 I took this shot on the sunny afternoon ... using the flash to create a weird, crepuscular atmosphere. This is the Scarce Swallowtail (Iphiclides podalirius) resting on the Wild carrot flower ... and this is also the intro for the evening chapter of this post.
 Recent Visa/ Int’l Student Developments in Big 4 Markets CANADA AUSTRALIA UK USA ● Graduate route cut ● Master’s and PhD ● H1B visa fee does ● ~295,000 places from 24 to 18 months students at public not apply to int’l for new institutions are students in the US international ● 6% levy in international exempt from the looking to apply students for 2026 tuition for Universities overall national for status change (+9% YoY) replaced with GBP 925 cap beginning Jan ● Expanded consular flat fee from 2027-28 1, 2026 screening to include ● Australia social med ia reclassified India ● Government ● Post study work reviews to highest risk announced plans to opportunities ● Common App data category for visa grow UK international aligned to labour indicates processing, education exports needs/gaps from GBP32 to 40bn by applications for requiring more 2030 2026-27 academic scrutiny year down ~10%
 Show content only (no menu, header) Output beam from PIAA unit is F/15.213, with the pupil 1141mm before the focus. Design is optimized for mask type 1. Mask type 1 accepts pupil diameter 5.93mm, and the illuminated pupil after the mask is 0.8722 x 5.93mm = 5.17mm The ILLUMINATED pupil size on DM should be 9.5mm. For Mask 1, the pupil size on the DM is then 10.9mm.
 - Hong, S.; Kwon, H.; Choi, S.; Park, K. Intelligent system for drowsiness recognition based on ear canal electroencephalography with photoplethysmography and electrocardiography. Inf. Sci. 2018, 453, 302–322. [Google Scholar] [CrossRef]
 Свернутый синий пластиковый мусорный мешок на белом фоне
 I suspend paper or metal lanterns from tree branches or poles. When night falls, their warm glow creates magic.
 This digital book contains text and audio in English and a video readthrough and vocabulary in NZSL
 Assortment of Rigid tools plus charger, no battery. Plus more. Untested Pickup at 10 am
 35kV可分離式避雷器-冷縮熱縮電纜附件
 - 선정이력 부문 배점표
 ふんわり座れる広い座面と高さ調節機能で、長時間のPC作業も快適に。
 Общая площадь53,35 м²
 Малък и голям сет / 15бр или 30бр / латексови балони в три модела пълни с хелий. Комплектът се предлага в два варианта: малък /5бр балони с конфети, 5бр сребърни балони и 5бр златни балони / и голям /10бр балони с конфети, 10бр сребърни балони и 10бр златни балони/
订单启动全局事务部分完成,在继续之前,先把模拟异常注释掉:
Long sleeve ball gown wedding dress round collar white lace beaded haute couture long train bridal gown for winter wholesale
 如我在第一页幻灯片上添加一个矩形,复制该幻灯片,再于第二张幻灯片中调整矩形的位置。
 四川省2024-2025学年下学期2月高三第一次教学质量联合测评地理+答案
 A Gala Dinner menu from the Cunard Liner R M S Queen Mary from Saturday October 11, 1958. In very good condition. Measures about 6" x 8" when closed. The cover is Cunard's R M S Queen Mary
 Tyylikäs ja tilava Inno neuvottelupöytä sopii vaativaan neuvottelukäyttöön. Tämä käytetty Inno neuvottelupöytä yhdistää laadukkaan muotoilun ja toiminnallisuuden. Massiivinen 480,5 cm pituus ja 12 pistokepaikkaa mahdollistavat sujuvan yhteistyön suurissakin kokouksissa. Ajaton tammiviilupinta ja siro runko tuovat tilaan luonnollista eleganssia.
======
### Directions
Scan the material above for "This". Copy every line where it appears.

### Response to the exercise
 I took this shot on the sunny afternoon ... using the flash to create a weird, crepuscular atmosphere. This is the Scarce Swallowtail (Iphiclides podalirius) resting on the Wild carrot flower ... and this is also the intro for the evening chapter of this post.
 This digital book contains text and audio in English and a video readthrough and vocabulary in NZSL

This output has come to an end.